## Directions
Where the data below begins, start duplicating lines exactly, and finish with the line containing "7 1/2 foot Christmas"; add nothing else. Leave the pictures out.

## Information supplied
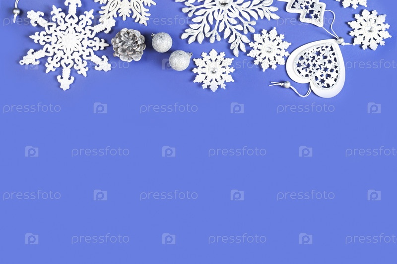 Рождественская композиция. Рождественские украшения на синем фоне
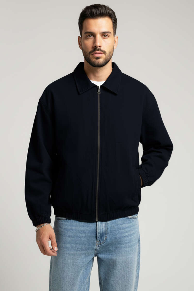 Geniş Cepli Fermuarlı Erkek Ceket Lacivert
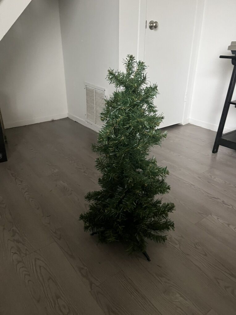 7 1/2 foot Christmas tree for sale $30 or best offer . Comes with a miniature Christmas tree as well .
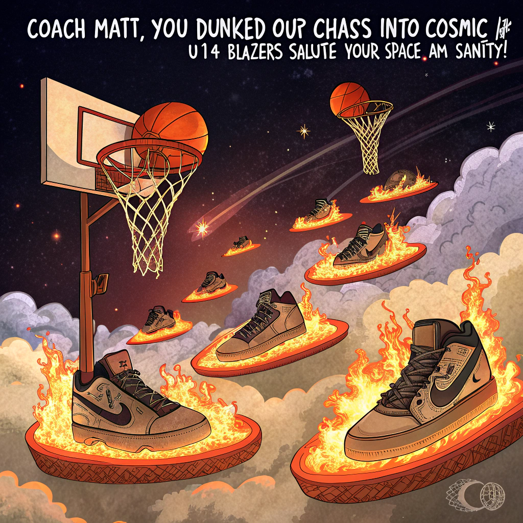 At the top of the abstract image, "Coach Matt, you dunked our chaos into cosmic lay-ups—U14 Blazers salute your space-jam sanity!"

## Task output
 Рождественская композиция. Рождественские украшения на синем фоне
 Geniş Cepli Fermuarlı Erkek Ceket Lacivert
 7 1/2 foot Christmas tree for sale $30 or best offer . Comes with a miniature Christmas tree as well .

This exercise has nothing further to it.